▶ **Available data**
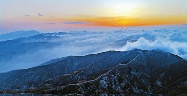 ▲10月26日,日出之时,朔州广武明长城望雁楼前出现罕见的云海,在金色阳光的照耀下,波澜壮阔。云海沿广武明长城最高处的望雁楼向两侧的长城涌动,甚是壮观。 王晋飞 摄影报道
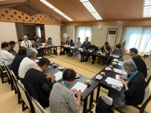 常願寺さま、長榮寺さま、潮見寺さま、満福寺さま、妙生寺さま、蓮舟寺さま、教覚寺。それぞれの寺族、仏教壮年会、仏教婦人会の役員の皆さまが集まり、お勤めをしてから、10月に行われる合同研修会の内容の詳細を詰めていきました。
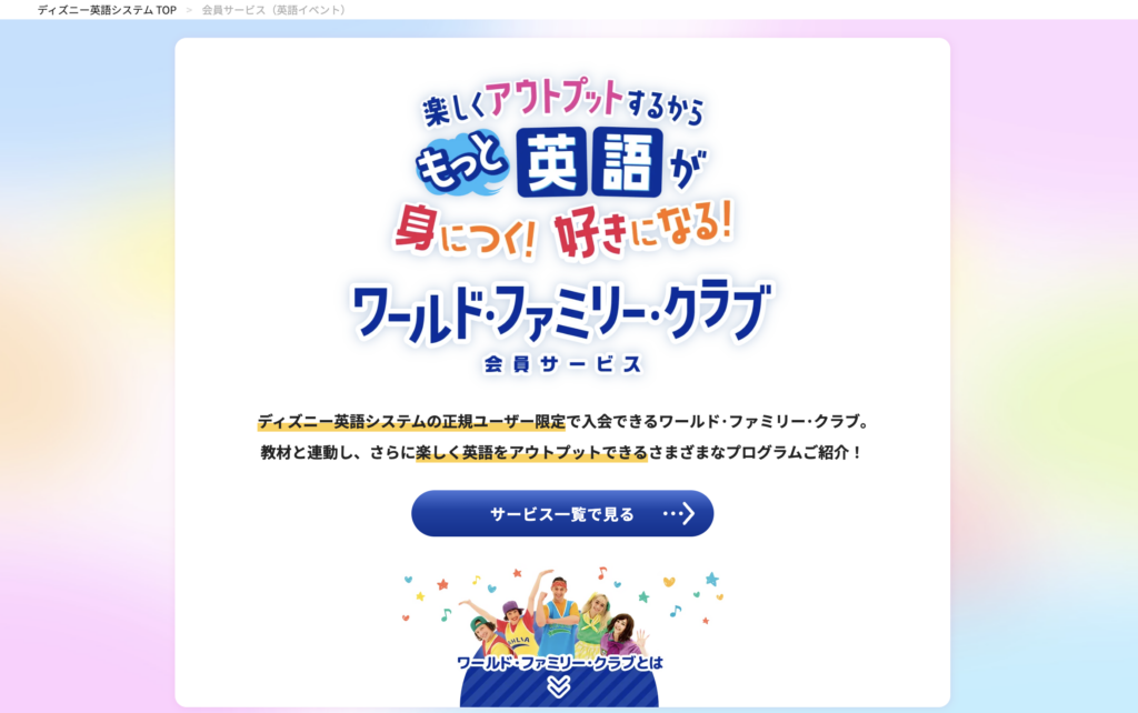 - 特徴: DWEユーザー専用の会員組織。毎週末、全国でネイティブ先生によるショーやキャンプが開催されます。
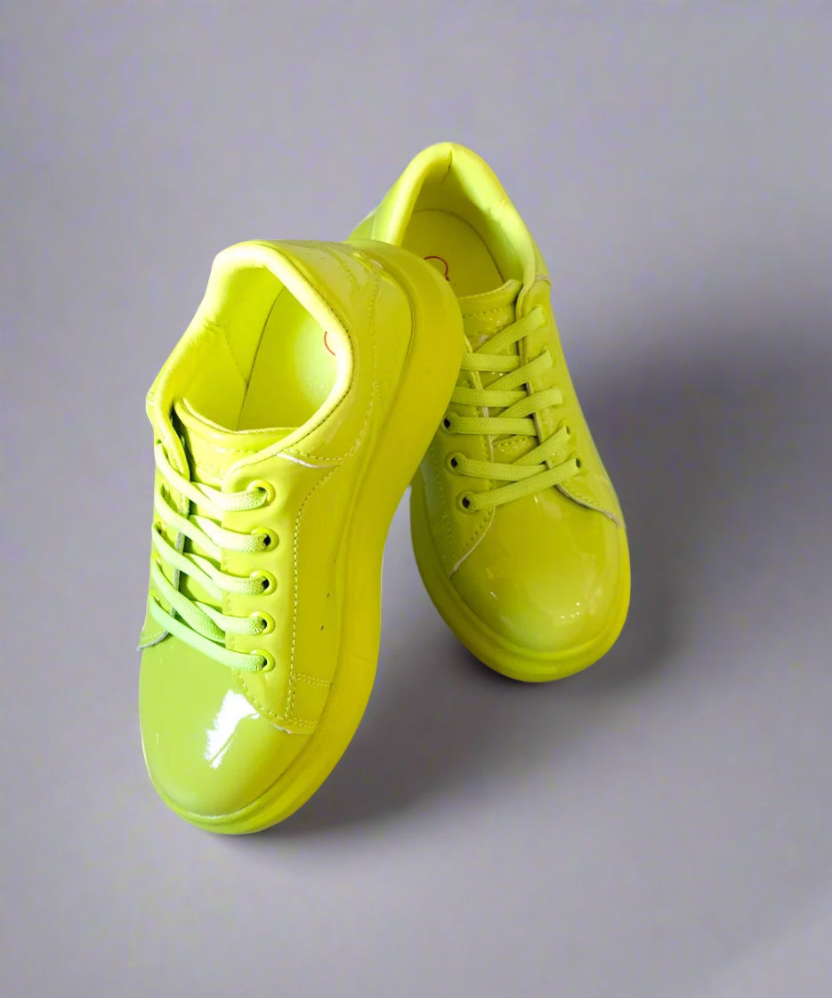 Neon lime girls' lace-up sneakers with glossy finish, Jaipur, ages 1–8 years
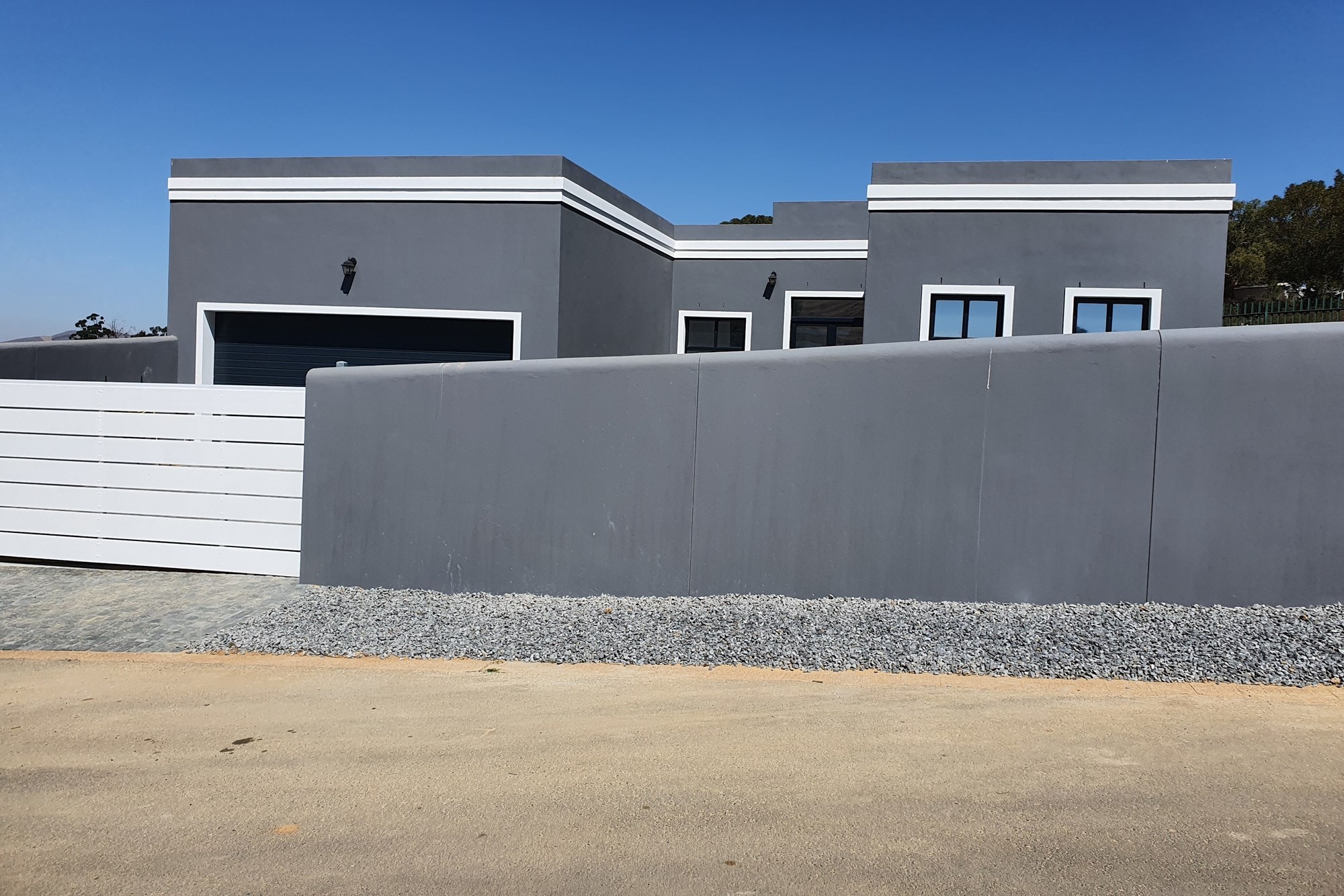 This house will be built on a plot of 370 sqm , plot is situated in a close and the houses are all in a new Mexican style with aliminium windows and the houses are dark grey with white linings

▶ **Prompt**
Your task is to repeat, word for word and with no picture, every line from the one that contains "常願寺さま、長榮寺さま、潮見" through the last line of the data.

▶ **Final answer**
 常願寺さま、長榮寺さま、潮見寺さま、満福寺さま、妙生寺さま、蓮舟寺さま、教覚寺。それぞれの寺族、仏教壮年会、仏教婦人会の役員の皆さまが集まり、お勤めをしてから、10月に行われる合同研修会の内容の詳細を詰めていきました。
 - 特徴: DWEユーザー専用の会員組織。毎週末、全国でネイティブ先生によるショーやキャンプが開催されます。
 Neon lime girls' lace-up sneakers with glossy finish, Jaipur, ages 1–8 years
 This house will be built on a plot of 370 sqm , plot is situated in a close and the houses are all in a new Mexican style with aliminium windows and the houses are dark grey with white linings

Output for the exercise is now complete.